2023 Budget Speech – Research and Development, Energy, Carbon and Investments

The Minister of Finance, Mr. Enoch Godongwana, presented National Treasury’s annual 2023/24 budget earlier this afternoon. We set out below the most notable observations from a research and development, energy, carbon tax and investment incentives point of view.



Section 11D Research and Development Tax Incentive – After extensive consultation with the government, Catalyst Solutions is pleased to see the Minister confirming proposed changes to the R&D Tax Incentive. The updates to the R&D Tax Incentive will be enacted into legislation over the coming months. The most significant updates are summarised below: 

  • The incentive has been extended by a further ten years to 31 December 2033;
  • A 6-month grace period will be implemented. The practical effect is that approval letters will be effective six months prior to the submission date of an application, opening the door to short-duration projects to benefit more than in the past;
  • The R&D definition has been simplified and brought in line with international standards. The end-result approach is scrapped, and more focus will be on activities that are novel, uncertain, systematic, transferable and/or reproducible; and
  • The internal business process exclusion has been done away with – any project (whether or not it relates to an internal project) meeting the definition of R&D can now benefit.
Support Programme for Industrial Innovation (“SPII”) – The SPII grant has been funded with a further R75m for the 2023/2024 financial year, with inflation increases in annual funding forecast for the next 3 years.


Technology Innovation Agency (“TIA”) – TIA and its suite of funding instruments have been allocated R460m in funding for the coming year, increasing to R502m in 2025/2026.


Section 12B Renewable Energy Tax Incentive – From 1 March 2023, businesses will be able to reduce their taxable income by 125% of the cost of an investment in renewables. For example, a renewable energy investment of R1 million would qualify for a deduction of R1.25 million. Using the current corporate tax rate (27%), this deduction could reduce the corporate income tax liability of a company by R337 500 in the first year of operation. There will be no thresholds on the size of the projects that qualify, and the incentives will be available for two years to stimulate investment in the short term.

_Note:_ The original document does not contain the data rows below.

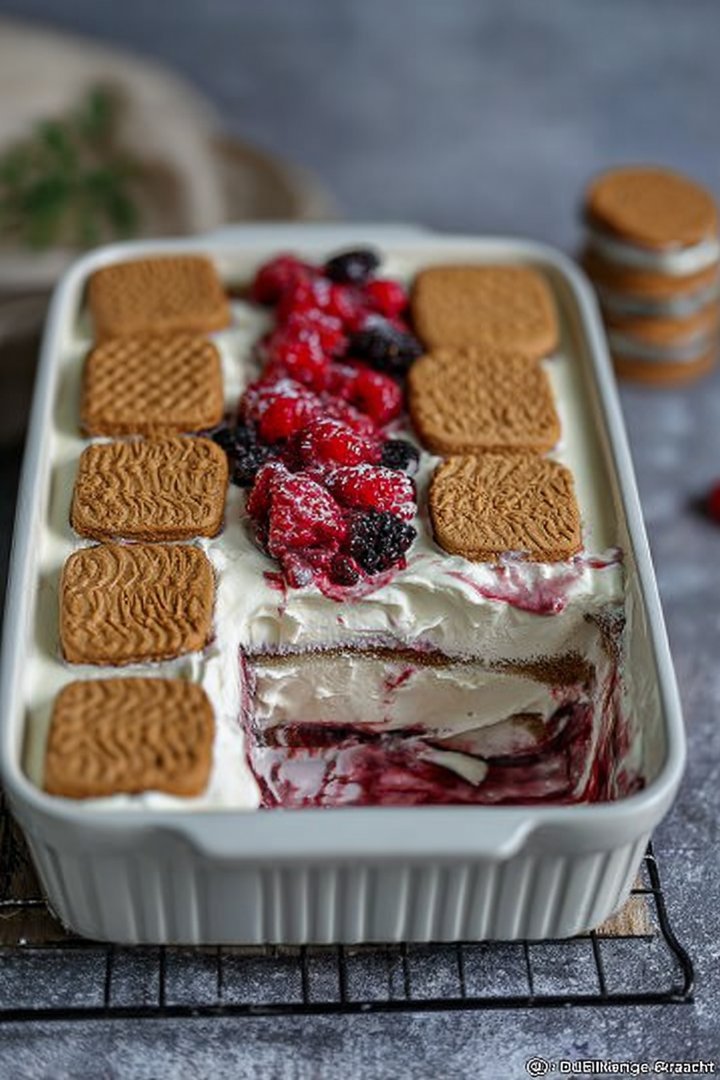 8. **Schichten: ** Lege den Boden einer Auflaufform mit getunkten Spekulatius aus. Verteile die Hälfte der Beeren darauf und gib die Hälfte der Mascarpone-Creme darüber. Wiederhole diesen Vorgang, bis alle Zutaten aufgebraucht sind.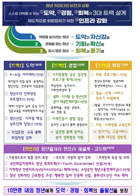 정부는 이러한 문제 인식 하에 2030 청년들의 현장 목소리를 바탕으로 새로운 출발선을 제공하기 위해 이번 「청년뉴딜 추진방안」을 마련했다. 청년들이 자신의 비전과 상황을 고려하여 적합한 프로그램을 선택할 수 있도록 ➊도약, ➋경험, ➌회복이라는 세 가지 트랙을 제시하고, 원활한 구직활동과 채용을 뒷받침하기 위해 ➍정책 인프라도 고도화했다.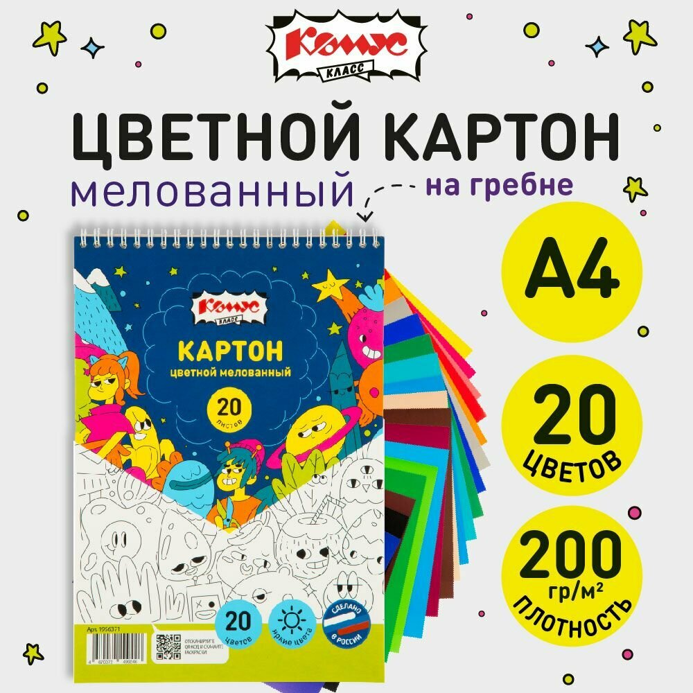 Купить Картон цветной А4 Комус Класс, 20 листов, 20 цветов, мелованный , односторонний

Rooftop Solar incentive – Individuals who install rooftop solar panels from 1 March 2023 will be able to claim a rebate of 25% of the cost of the panels, up to a maximum of R15 000. This can be used to reduce their tax liability in the 2023/24 tax year. This incentive will only be available for one year.

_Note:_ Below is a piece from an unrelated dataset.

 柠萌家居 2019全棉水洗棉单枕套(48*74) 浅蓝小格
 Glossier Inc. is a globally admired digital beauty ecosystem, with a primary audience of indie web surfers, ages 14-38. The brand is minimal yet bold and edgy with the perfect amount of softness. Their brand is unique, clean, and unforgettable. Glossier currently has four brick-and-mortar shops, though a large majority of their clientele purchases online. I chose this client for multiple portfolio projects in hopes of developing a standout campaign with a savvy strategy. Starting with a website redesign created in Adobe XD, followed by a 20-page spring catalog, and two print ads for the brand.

Bounce Back Loan Guarantee Scheme – In 2023, the National Treasury will amend the bounce-back scheme to address energy-related constraints hampering businesses’ recovery from the COVID-19 pandemic. As part of the amendments: 

  • Government will guarantee solar-related loans for small and medium enterprises on a 20% first-loss basis.
  • Commercial banks will be permitted to borrow directly from the scheme to facilitate the leasing of solar energy equipment to small businesses. 
  • Small businesses installing solar will be able to borrow finance for working capital. 
  • Wheeling – Proposal for the implementation of a wheeling framework and grid capacity rules to provide certainty to private producers investing in energy projects.
  • Energy Security Bill – Clearing regulatory obstacles by establishing a one-stop shop to bring electricity onto the grid more rapidly. This will be supported by the Energy Security Bill, which removes regulatory impediments for independent power producers. Further to this, the licensing requirement for embedded generation projects has been lifted.
  • The Risk Mitigation Power Purchase Procurement Programme – A request for proposals for the seventh bid window will be issued in the first half of 2023/24, subject to grid availability.

Carbon Tax Rates

  • Effective 1 January 2023, the carbon tax rate increased from R144 to R159 per tonne of carbon dioxide equivalent. 
  • In line with the carbon tax rate increase, the carbon fuel levy for 2023/24 will increase by 1c to 10c/l for petrol and 11c/l for diesel from 5 April 2023.
  • The carbon tax cost recovery quantum for the liquid fuels refinery sector increased from 0.63c/l to 0.66c/l, effective from 1 January 2023.
Carbon Offsets
  • The utilization period of carbon offsets in respect of approved projects in existence prior to 1 June 2019 for activities that became subject to carbon tax will be extended in the Carbon Offset Regulations from 28 July 2023 to 28 July 2026. These amendments will take effect from 1 January 2023.
Emission Factors
  • The Carbon Tax Act will be updated to include the Tier 2 (country-specific) emission factors developed by the Department of Forestry, Fisheries and Environment (DFFE). Further changes to the emission factors may be added to the Tax Laws Amendments Act if DFFE publishes further updates. The updated emission factors will take effect for DFFE’s 2023 reporting period, covering emissions during 2022. The amendments will take effect from 1 January 2023.
Carbon Tax Credit Trading 
  • In 2023, the National Treasury will consider stakeholder inputs on the possibility of a domestic market to trade tax credits created through the carbon tax. The consultation will focus on the building blocks needed to ensure seamless trading, including the legal nature of carbon credits as a financial asset; trading and post-trade market architecture; licenses for private carbon credit funds; and carbon credit certification.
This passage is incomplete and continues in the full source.